Now, in our proposed loss function, we introduce regularization terms that tries to push weights corresponding to different classes towards the classes most similar to it. In fact, we define a loss function similar to above

$$
L = -\log P(\mathcal{Y}|\mathcal{X},W,\beta) +\lambda_0 \|\theta\|^2 + \lambda \| \beta \|^2 + \lambda_2\sum_j \| W_j -\beta_{k(j)} \|^2.
$$

However, in our case, a $\beta_j$ is defined for all classes as follows

$$
\beta_j = \sum_{N(j)} F_{ij} W_i ,
$$

where $N(j)$ is a subset of nodes that are most "informative" about the class $j$, and is TBD. Some possibilites are 1) all nodes, 2) nodes $i$ with correlations $F_{ij}$ above a certain threshold, or 3) nodes $i$ for which $|F_{i,j}|$ is above a certain treshold (to include significant negative correlations). 
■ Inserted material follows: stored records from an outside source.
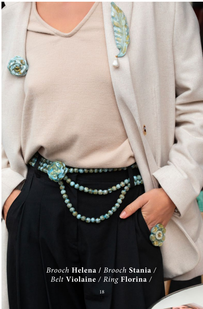
Brooch Helena / Brooch Stania / Belt Violaine / Ring Florina /
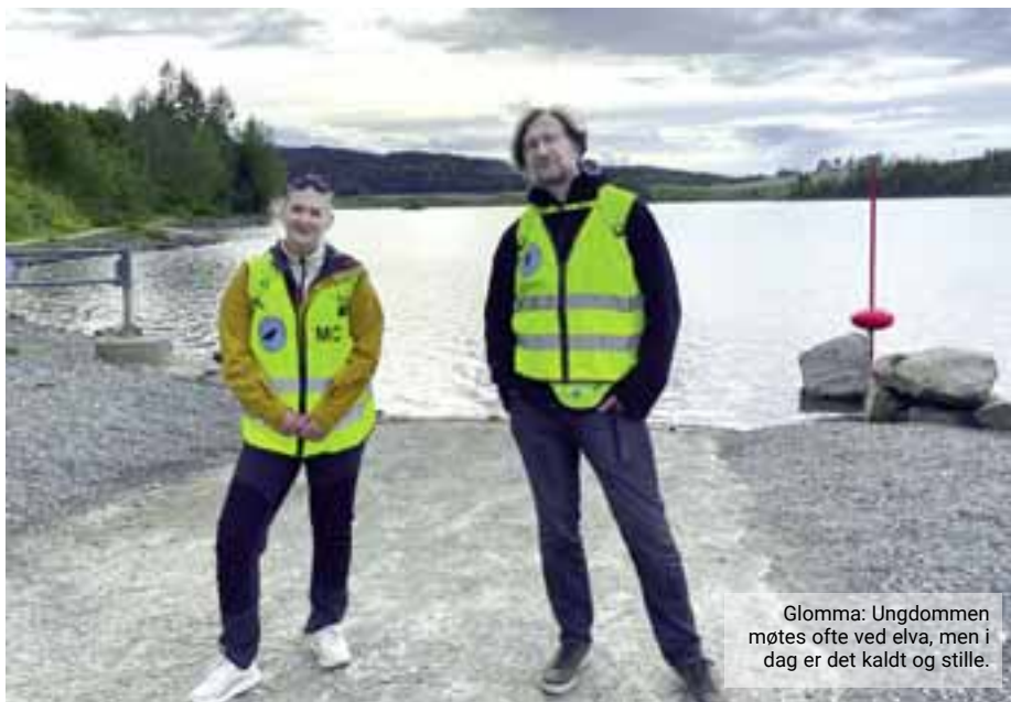
Glomma: Ungdommen møtes ofte ved elva, men i dag er det kaldt og stille.

Den nye styringsgruppen overtok listen med frivillige fra de som var ansvarlig tidligere, gikk gjennom den og ryddet litt opp. Samtidig var det ganske mange nye som meldte seg etter avisoppslaget. Resultatet ble at de nå har cirka 85 frivillige på lista, der noen går mye og andre mer sjeldent. De er likevel så mange at de stort sett greier å gjennomføre vandringene.
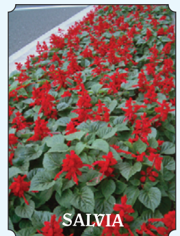
定期的にかットするときれいに咲き続けます。

### Qustions, Ideas, Criticisms, etc.

##### General 

- What are the metrics we want to improve? 1) accuracy of rare classes (exact or upto super-class level) 2) interpretability? 3) general accuracy?



##### On correlation part:

- should the correlation be taken on a subset of input pictures, for examples, only on those with certain labels.



##### On Loss function

- How should $N(j)$ be defined? Should we use methods in mentioned in [2] to make a block out of these fully connectd graph?

- Should we regularize other parameters $\theta$?